Oral endotracheal intubation is a procedure that utilizes an instrument called a laryngoscope to visualize the opening of the trachea directly in order to pass a plastic breathing tube through the mouth and into the trachea. Rapid sequence intubation (RSI) is a procedure whereby medications are administered to sedate and paralyze a patient to allow a medical professional to perform oral endotracheal intubation more easily. These medications remove the patient’s reflex to gag when an object is placed at the back of the mouth as well as paralyze the muscles in the body. This allows the mouth and neck to move more easily, improving visualization during the procedure.
Preoxygenation of a patient is used to provide additional oxygen in a patient’s lungs prior to and in-between intubation attempts. Preoxygenating allows the patient to maintain oxygen saturation (SaO2) greater than or equal to 90% for a longer period of time during an intubation attempt. Preoxygenation often involves ventilating the patient with a BVM in order to restore their SaO2 to near-100%. This process typically takes 1–2 minutes to accomplish. If an intubation attempt is unsuccessful, the patient is typically ventilated prior to a subsequent attempt. Absent a countervailing reason, an intubation attempt should be completed before a patient’s SaO2 drops below 90%.
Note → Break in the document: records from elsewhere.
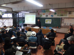 午後、旧浦島小学校にて大浦地区の会合が開かれました。会合の席上、「まちづくりルール」の運用に対する要望が住民の一人から出されました。大浦地区では、「宅地南側については『南側セットバックゾーン』を設定し、建築物がはみ出さぬよう計画、建設すること」というルールが全体に対して平等に定められました。しかし今回、敷地の形状によっては駐車スペースを充分に確保することが困難な宅地が生じるため、南側に隣接する宅地のない=ルール緩和によって迷惑を受ける宅地のない一部の区画に限り、ルールを緩和してほしいという要望が出たのです。話し合いの結果、ここは「申し合わせ」というルールの柔軟性を生かし、「前後左右の近隣住民に相談し了解を得ること」を条件にルール適用の部分的な緩和が認められました。また、緑地帯の活用方法、景観に関わる立木の伐採、ゴミ集積所及び夜間防犯灯の位置など、まちづくりに関わる諸点についても検討が行われました。
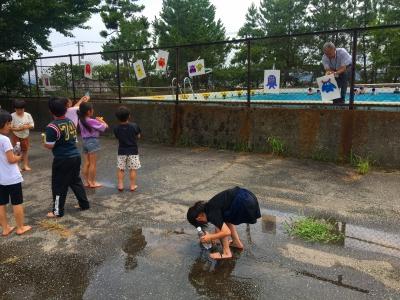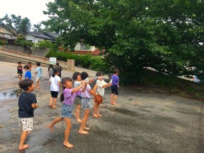 水鉄砲でモンスターをねらったり、友達と水をかけあったりしてとても楽しそうでした。
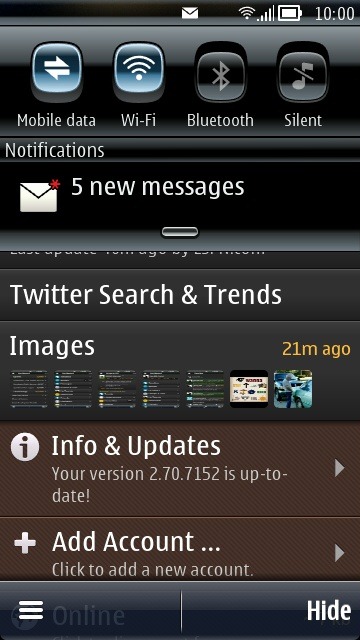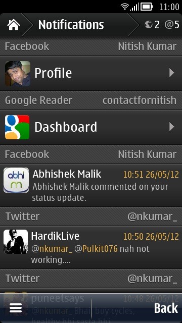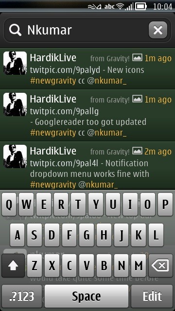 For me, the issues in this approach is, Gravity has an option to tap on top to move to top of the timeline and with two status bars (One of system and one of Gravity), it becomes a lot confusing. You have to hit the status bar precisely to get to top because if you hit top most system bar then it might be lead to system drop down that might annoy you. Moreover, the pixel size of the new Status bar is almost doubled means loss of screen space on already low resolution Symbian screens. I think @Janole also agree on it.
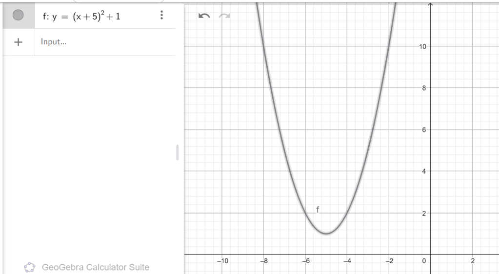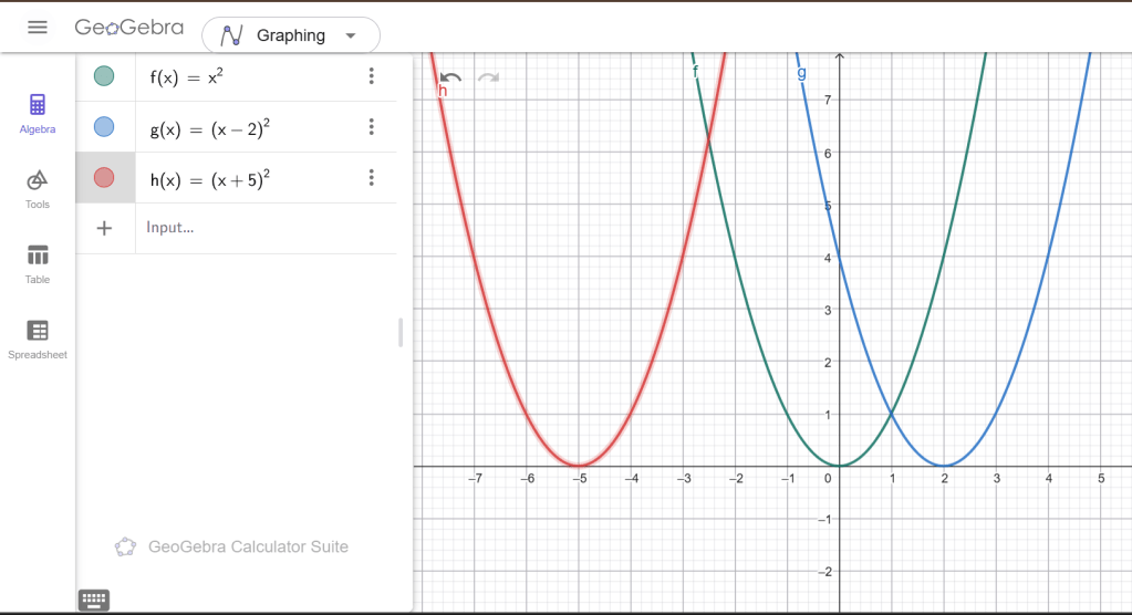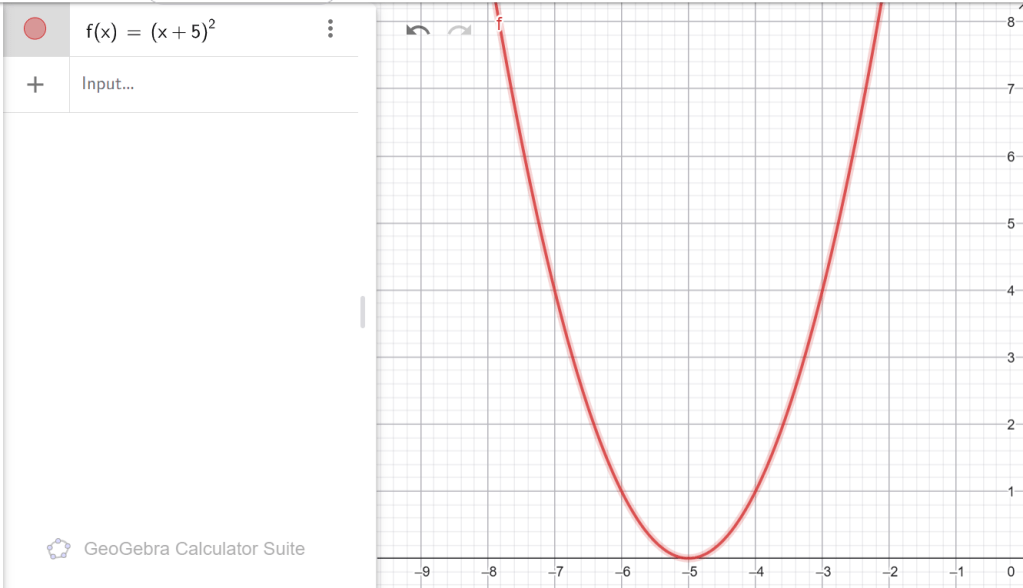 1․ Գծել f(x) = x2 պարաբոլը։ Ո ՞ր ֆունկցիայի գրաֆիկը կստացվի, եթե f(x)-ի գրաֆիկը տեղափոխենք ա) 2 միավորով աջ, բ) 5 միավորով ձախ։
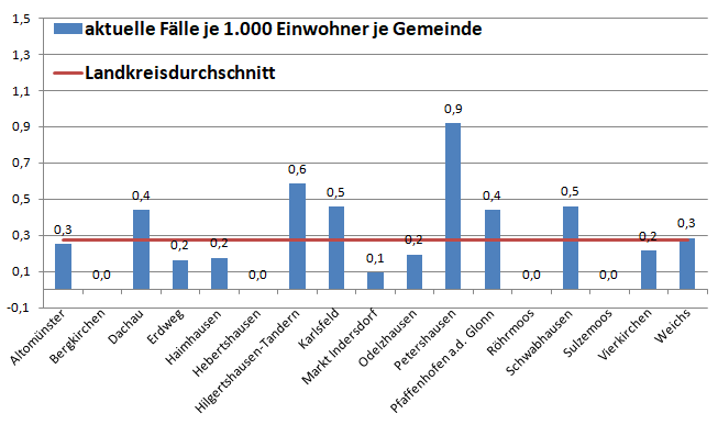 Im Landkreis sind im Moment Petershausen und Hilgertshausen-Tandern die Gemeinden mit der höchsten pro Kopf Zahl an Infizierten. Der Schnitt liegt jetzt bei 0,3 Fällen pro 1.000 Einwohner. Letzte Woche waren es noch 0,4.
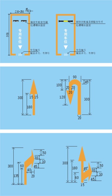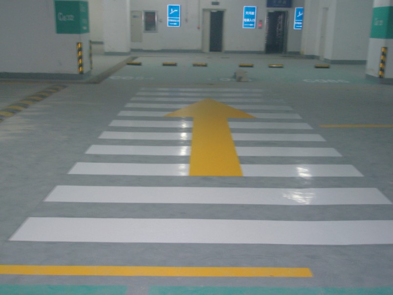 車行標志通道內(nèi)可采用黃色或白色環(huán)氧漆(可采用夜發(fā)光漆)畫箭頭進行標明車行方向及指向各停車區(qū),如A停車區(qū)、B停車區(qū)及C停車區(qū)等。
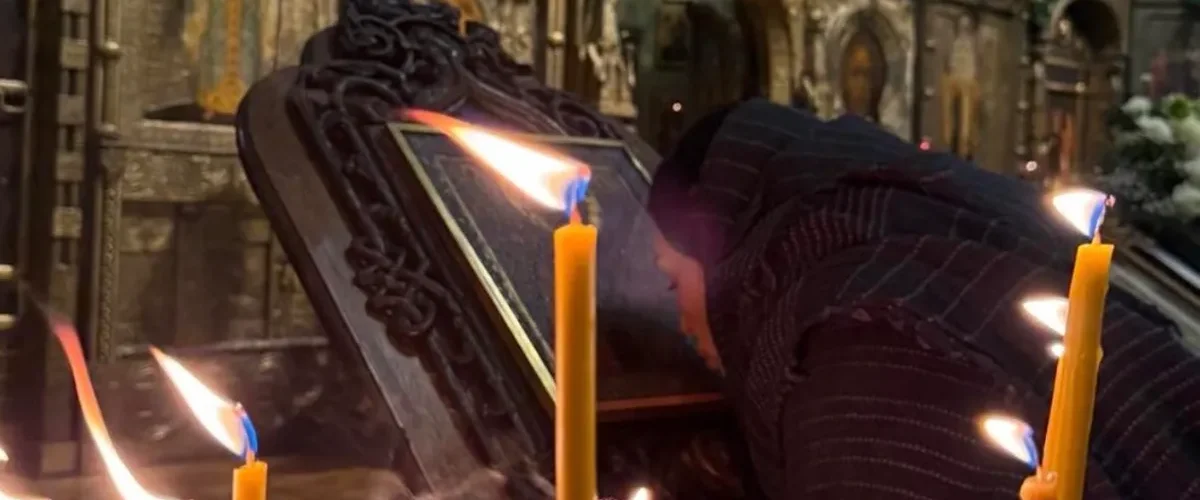Na snimku se vidi kako Sloboda nosi maramu na glavi, ljubi ikonu i zapali sveću, u mirnom i svečanom trenutku molitve.
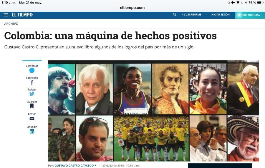 Por contraste, en mi libro, “Por qué me quedé en Colombia”, varios personajes extranjeros famosos, de distintos países, cuentan por qué se enamoraron del nuestro y alaban la calidad humana y la calidez de nuestra gente, cultura, costumbres y tradiciones, hospitalidad y, claro, la música, el folclor, los paisajes, los sitios, las comidas de Colombia y muchas cosas más.
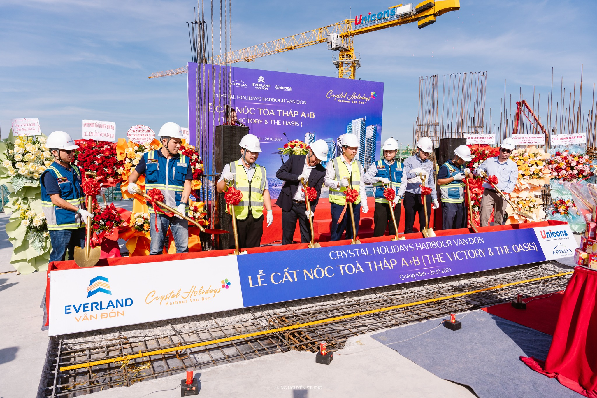 Amidst the vibrant development of Van Don's tourism sector, the Crystal Holidays Harbour Van Don project has made significant progress, officially topping out its two towers, The Victory (A) and The Oasis (B), on October 26, 2024. This milestone sets the stage for the project's operational launch in the third quarter of 2025.​
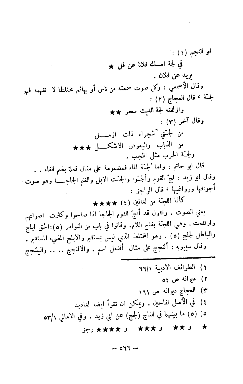 قال أبو حاتم: وأما لُجّة الماء فمضمومة على مثال فعلة بضم الفاء .. وقال أبو زيد: لجّ القوم وألجّوا وألجّت الإبل والغنم إلجاجا وهو صوت أجوافها ورواغيها، قال الراجز:
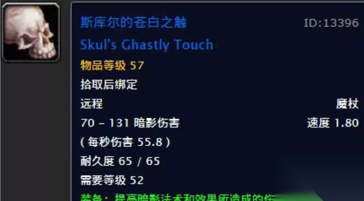 术士专属,暗影伤害14点魔杖,掉落于稀有精英斯库尔。
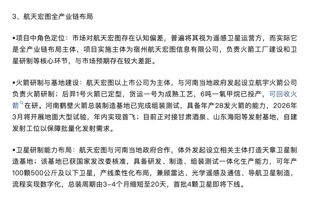 技术渊源:该公司是航天宏图在河南鹤壁孵化的火箭制造企业。2025 年 11 月,其位于鹤壁的2 万平方米总装智造基地已投产,宣称具备年产20 发火箭的能力。
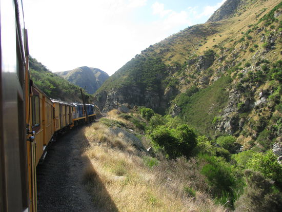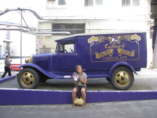 Da wir heute mal wieder einen Tag frei hatten, entschlossen wir, schon einige Tage im Voraus, diesen zu nutzen, um einen Tagesausflug nach Dunedin zu machen. Dunedin ist von seiner schottischen Vergangenheit geprägt. Somit liegt auch nahe, dass der schottisch-englische Name der Stadt Edinburgh ist. Dunedin ist die viertgrößte Stadt des Landes und rühmt sich damit, sowohl Neuseelands erste Universität, als auch das erste Tagesblatt Neuseelands gehabt zu haben. Nachdem wir morgens knapp vier Stunden nach Dunedin gehfahren waren, kamen wir um 11 Uhr in der Stadt an. Wir parkten unser Auto und gingen zuerst zum Oktagon. Das Oktagon ist das Stadtzentrum Dunedins und hat, wie man vermuten kann, die Form eines 8-Eckes. Dort findet man, neben einer etwas unübersichtlichen Straßenführung, das Rathaus der Stadt, die St Paul's Kathedrale und einen kleinen Park mit einem Denkmal für Thomas Burns, dem Gründer der Stadt. Nachdem wir uns dies alles ein wenig genauer angesehen hatten, gingen wir Richtung "Cadbury World". Cadbury kann man den neuseeländischen Marktführer der Schokoladenherstellung nennen. Mit seinem lilafarbenen Gebäude kann man die Cadbury World kaum verfehlen. Dort buchten wir dann auch eine Tour, die zweiStunden später beginnen sollte. Um die Zeit nicht mit warten zu verbringen, entschlossen wir uns noch einmal genauer Dunedin zu betrachten. Zu allererst fanden wir dann auch noch einen Kiltmacher. Die Auswahl an Kilts und allem was dazu gehört war mindestens genauso umwerfend wie die Preise. Nach ausgiebiger Erkundung der Stadt ging es dann auf die Cadburytour. Wir wurden von unserer netten Führerin Ann Marie freundlichst begrüßt. Leider mussten wir auch erfahren, dass in der Fabrik momentan umgebaut wurde und wir somit nicht in der Lage seien alles zu sehen. Jedoch wurden wir mit mehr kostenloser Schokolade bei Laune gehalten. Nachdem wir uns alle die Finger sterilisiert hatten und schöne Haarhauben verpasst bekommen hatten, sahen wir einen Film, der uns über das richtige Verhalten bei der Tour aufklärte. Daraufhin bekamen wir dann die ersten Süßigkeiten. Jeder bekam eine kleine Tüte, die sich im Laufe der Tour immer weiter füllen würde. Als nächstes Stellten wir all unsere Rucksäcke in ein großes Schließfach, da diese bei der Tour nur stören würden. Ann Marie stellte dann fest, dass Robin der einzige Mann war, der einen Bartschutz bekommen hatte und dafür bekam er von ihr eine weitere Portion Schokolade geschenkt. Dann ging es endlich los. Zuerst sahen wir den Lagerturm in dem bis zu zehn Tonnen Schokolade gelagert werden können. Oft kommt dies jedoch nicht vor. Dann wurde uns auf einer Schautafel erklärt, wie man Backkakao, Vollmilchschokolade, weiße Schokolade und Dunkle Schokolade herstellte. Wer bei der Frage "Welche Schokolade er denn am liebsten möge." Mit "alle" antwortete bekam das nächste Schokoladenpäckchen. Danach ging es dann in den ersten richtigen Teil der Fabrik. Hier sahen wir wie riesige Blöcke von Schokolade aus einem Mix von Milch, Zucker, Kakaobutter und Kakaomasse hergestellt wurden. Die ganze Führung wurde immer wieder von sehr lehrreichen Videos unterlegt. Dann ging es an die nächste Station, dort werden über sechs Monate hinweg Ostereier und Osterhasen von Hand bemalt und mit Dekoration verziert. Die sechs Monate Arbeit werden von Neuseeländern dann in weniger als zwei Wochen verspeist. Leider konnte man an diesem Standort nicht sehr viel sehen, da Cadbury momentan dabei war, das Verfahren auf Maschinenarbeit umzustellen. Diese Maschinen kommen, wie sollte es auch anders sein, aus dem Erfinderland Deutschland. Und da Ann Marie fand, dass die Deutschen für ihren Witz und ihr erfinderisches Geschick belohnt werden sollten, bekamen wir je eine weitere Packung Schokoladentropfen, die übrigens kein Abfallprodukt sind, wie man zu glauben scheint, sondern extra produziert werden. Als nächstes wurden wir an den Ort geführt an dem normalerweise die Pralinen produziert werden, doch auch hier wurde leider fleißig gebaut wodurch, das einzige was man sehen konnte ein Film war. Danach ging es noch in das große Kühl- und Lagerhaus bevor wir noch in eines der Silos spazierten. Dort erlebten wir unser schokoladenes Wunder. Nachdem wir dreimal laut "We want chocolate" gerufen hatten, flossen innerhalb von 30 Sekunden eine Tonne Schokolade in einem riesigen Schokoladenfall vor uns das Silo hinunter. Schließlich sollten wir zu unserem letzten Punkt der Schokoladentour kommen. An dieser Stelle werden die, in Neuseeland allseits geliebten, Jaffas produziert. Jaffas sind kleine orange- rote Schokoladenkuglen, die innen aus einem leicht cremigen Schokokern bestehen, der von einem nach Orange schmeckenden Mantel umzogen ist. Jedes Jahr veranstaltet Cadbruy einen Karneval, bei dem man überdimensionale Jaffas die Baldwin Street herunterkullern gelassen werden. Man kann dort einen Jaffa mit einer Nummer für einen Dollar kaufen. An besagtem Tag werden Tausende Jaffas die Straße runter kullern lassen und der Sieger, dessen Jaffa als erstes über die Ziellinie rollt bekommt einen Berg von Cadburyschokolade geschenkt. Nachdem wir auch diesen Punkt gesehen hatten, war unsere schöne Führung leider auch schon zu Ende. Da wir den Tag aber noch fast vor uns hatten, machten wir uns danach auf den Weg das am zweit häufigsten fotografierte Gebäude der südlichen Hemisphäre zu betrachten, den Bahnhof von Dunedin. Er ist im viktorianischen Stil erbaut und wirklich schön anzusehen. Als wir den Bahnhof auch von innen inspizierten, erfuhren wir, dass 10 Minuten später eine Bahn abfahren würde. Diese nannte sich Taeri Gorge und würde diesen auch befahren. Die Fahrt sollte hin und zurück fast sechs Stunden gehen. Die Strecke wurde als eine der landschaftlich schönsten Bahnstrecken der Welt ausgezeichnet und wurde nur zweimal täglich von besagtem Zug befahren. Neugierig begaben wir uns an Board. Der Zug war ziemlich alt, was seinen Charme n
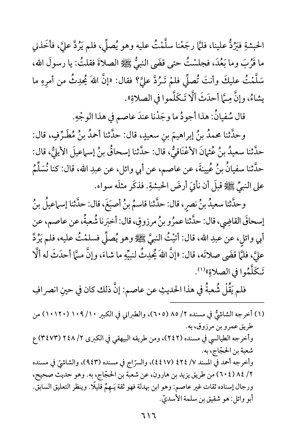 وحدَّثنا سعيدُ بنُ نصرٍ، قال: حدَّثنا قاسمُ بنُ أصبَغَ، قال: حدَّثنا إسماعيلُ بنُ إسحاقَ القاضِي، قال: حدَّثنا عمرُو بنُ مرزوقٍ، قال: أخبَرنا شُعبةُ، عن عاصم، عن أبي وائلٍ، عن عبدِ اللَّه، قال: أتيْتُ النبيَّ -صلى اللَّه عليه وسلم- وهو يُصلِّي فسلمْتُ عليه، فلم يَرُدَّ عليَّ، فلمَّا قضَى صلاتَه، قال: "إنَّ اللَّهَ يُحدِثُ لنبيِّهِ ما شاءَ، وإنَّ ممَّا أحدَثَ له ألَّا تَكَلَّمُوا في الصلاةِ" (¬١).

The required standard of care is to attempt intubation no more than three times before utilizing another airway device, for example, a COMBITUBE. Prehospital airway management has been extensively studied. With each subsequent attempt at oral endotracheal intubation, it is less likely that the specific attempt will be successful. The use of a different device/technique is recommended after either the second attempt or the third attempt, depending on the study.
Endotracheal intubation medical expert witness specialties include otolaryngology, emergency medicine, head and neck surgery, pediatric otolaryngology, critical care medicine, and pediatric critical care medicine.